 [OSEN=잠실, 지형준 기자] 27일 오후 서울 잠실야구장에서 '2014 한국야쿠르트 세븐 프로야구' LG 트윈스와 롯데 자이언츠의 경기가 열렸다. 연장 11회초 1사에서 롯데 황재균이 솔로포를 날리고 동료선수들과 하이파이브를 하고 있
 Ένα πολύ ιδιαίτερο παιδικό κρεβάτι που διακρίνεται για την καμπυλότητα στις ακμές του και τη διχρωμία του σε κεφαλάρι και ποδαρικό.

· · · · · · ·

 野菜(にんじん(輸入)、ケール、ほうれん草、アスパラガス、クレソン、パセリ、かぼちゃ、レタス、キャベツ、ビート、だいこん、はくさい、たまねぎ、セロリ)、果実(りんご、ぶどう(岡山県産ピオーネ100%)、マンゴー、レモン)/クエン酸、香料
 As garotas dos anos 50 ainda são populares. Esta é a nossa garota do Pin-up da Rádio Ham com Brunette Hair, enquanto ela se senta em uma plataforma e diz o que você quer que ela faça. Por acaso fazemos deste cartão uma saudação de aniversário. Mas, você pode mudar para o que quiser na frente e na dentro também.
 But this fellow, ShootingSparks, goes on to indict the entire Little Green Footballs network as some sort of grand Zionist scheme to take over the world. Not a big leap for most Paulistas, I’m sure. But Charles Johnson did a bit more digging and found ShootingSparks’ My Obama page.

· · · · · · ·

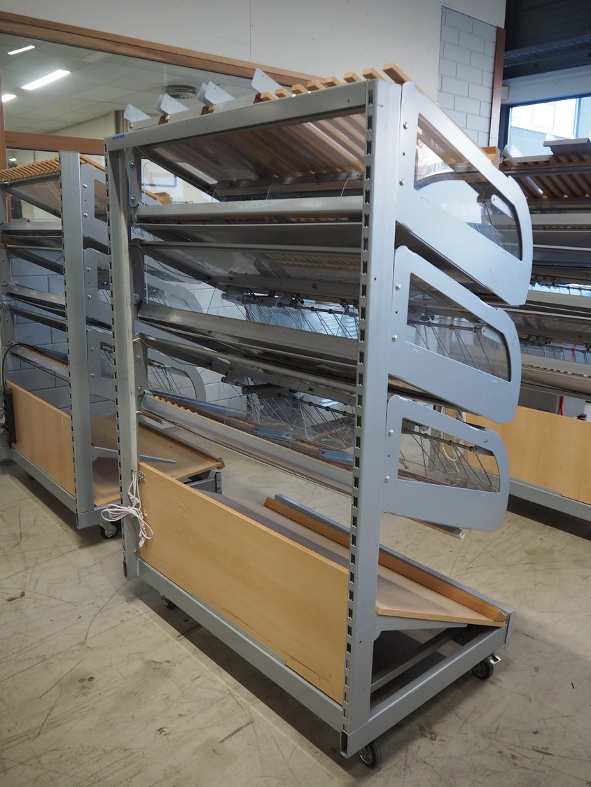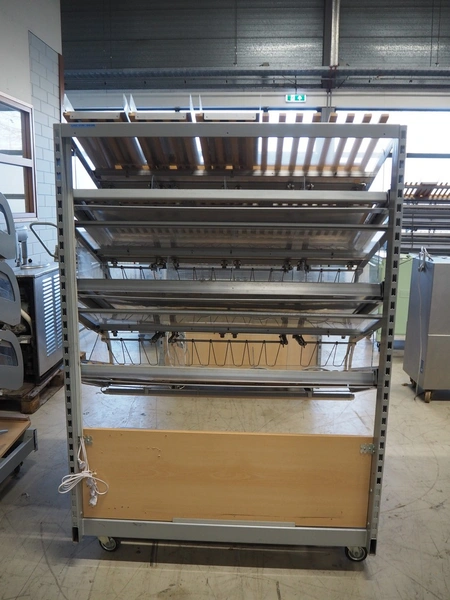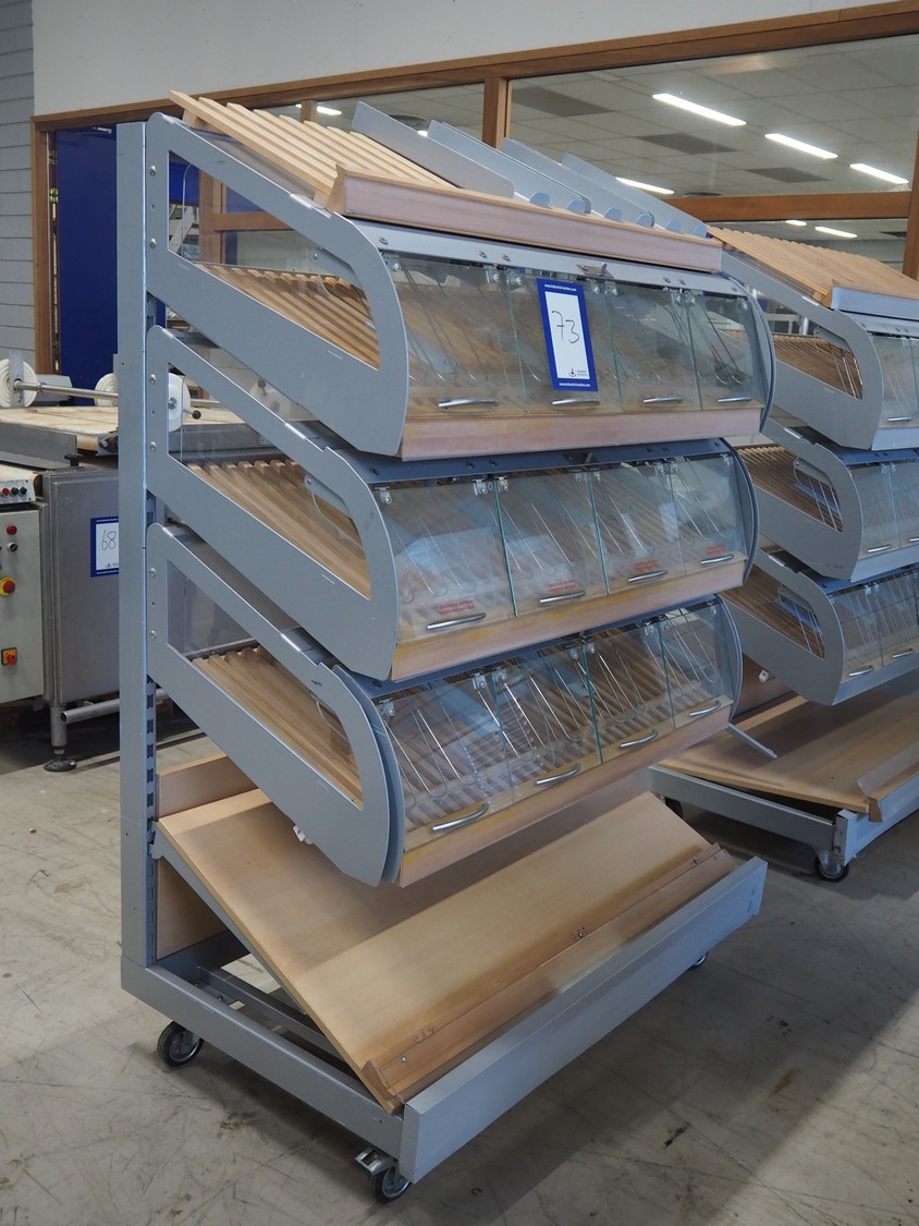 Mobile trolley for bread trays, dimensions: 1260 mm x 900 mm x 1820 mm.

· · · · · · ·

### [Your objective]
The range runs from the line above containing "野菜(にんじん(輸入)、ケー" to the line containing "But this fellow, ShootingSparks, goes", inclusive. Restate those lines word for word and no others.

### [Result of the task]
 野菜(にんじん(輸入)、ケール、ほうれん草、アスパラガス、クレソン、パセリ、かぼちゃ、レタス、キャベツ、ビート、だいこん、はくさい、たまねぎ、セロリ)、果実(りんご、ぶどう(岡山県産ピオーネ100%)、マンゴー、レモン)/クエン酸、香料
 As garotas dos anos 50 ainda são populares. Esta é a nossa garota do Pin-up da Rádio Ham com Brunette Hair, enquanto ela se senta em uma plataforma e diz o que você quer que ela faça. Por acaso fazemos deste cartão uma saudação de aniversário. Mas, você pode mudar para o que quiser na frente e na dentro também.
 But this fellow, ShootingSparks, goes on to indict the entire Little Green Footballs network as some sort of grand Zionist scheme to take over the world. Not a big leap for most Paulistas, I’m sure. But Charles Johnson did a bit more digging and found ShootingSparks’ My Obama page.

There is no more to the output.